Иконописный образ Введения во храм Пресвятой Богородицы, встречающий Фёдора Лаврецкого в старом доме, словно вводит героя, вернувшегося с чужбины в родные края, во храм его родины, святой Руси, под покровительство её заступницы и хранительницы Матери Божией.
Неслучайно Марфа Тимофеевна просит, чтобы племянник по православному обычаю поклонился праху родных ему людей, а по Глафире отслужил особую панихиду: «съезди ты, поклонись гробу матери твоей, да и бабкину гробу кстати. Ты там, за границей, всякого ума набрался, а кто знает, может быть, они и почувствуют в своих могилках, что ты к ним пришёл. Да не забудь, Федя, по Глафире Петровне тоже панафиду отслужить <…>. Я её при жизни не любила, а нечего сказать, с характером была девка. Умница была» (6, 58–59). Последние слова с полным правом можно было бы отнести и к Лизе.
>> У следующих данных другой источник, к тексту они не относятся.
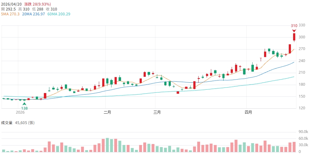 操作建議: 現有持股以282元(4/17收盤)為移動停利核心基準,守穩偏多持有;跌破282元視為主升波降溫,宜分批減碼。新資金不追310元漲停爆量,等量縮整理後觀察288至292.5元支撐區是否守穩,再評估低接時機;中長線以禮鼎上市進程與Q2月營收趨勢為主要追蹤指標。

К церковной жизни Лаврецкого приобщали с детства, но религиозные чувства не захватили его глубоко, прошли по касательной. Тургенев вскользь упоминает, что по воскресным дням ребёнка водили к обедне, однако большую часть времени чудивший отец-англоман под руководством швейцарца-гимнаста ковал из сына «спартанца», рядил в нелепый шотландский костюм «с обнажёнными икрами и с петушьим пером на складном картузе» (6, 40–41). Несуразная воспитательная система «сбила с толку мальчика, поселила путаницу в его голове» (6, 41).
Эта «путаница» усугубилась, обратилась в настоящие путы, когда Лаврецкий вступил в самостоятельную жизнь. Он стремился «по возможности воротить упущенное» (6, 43), сознавая недостатки своего причудливого воспитания, однако оно уже глубоко засеяло свои ядовитые семена и впоследствии принесло недобрые плоды: «Прошедшее, будущее, вся жизнь была отравлена» (6, 53). Не умея различать добро и зло, истину и ложь, искренность и фальшь, герой очутился в плену сатанинских козней и происков.
Согласно святоотеческому учению, из плена диавольских сетей избавляет только молитва: «Свойственно умной молитве открывать тот плен, в котором мы находимся у падших духов. Она открывает этот плен и освобождает от него. <…> Надо исповедовать Господа пред лицом страстей и бесов молитвою продолжительною, которая непременно доставит победу» (1). До поры всё это было неведомо пленнику-Лаврецкому в силу его «капризного воспитания» (6, 43).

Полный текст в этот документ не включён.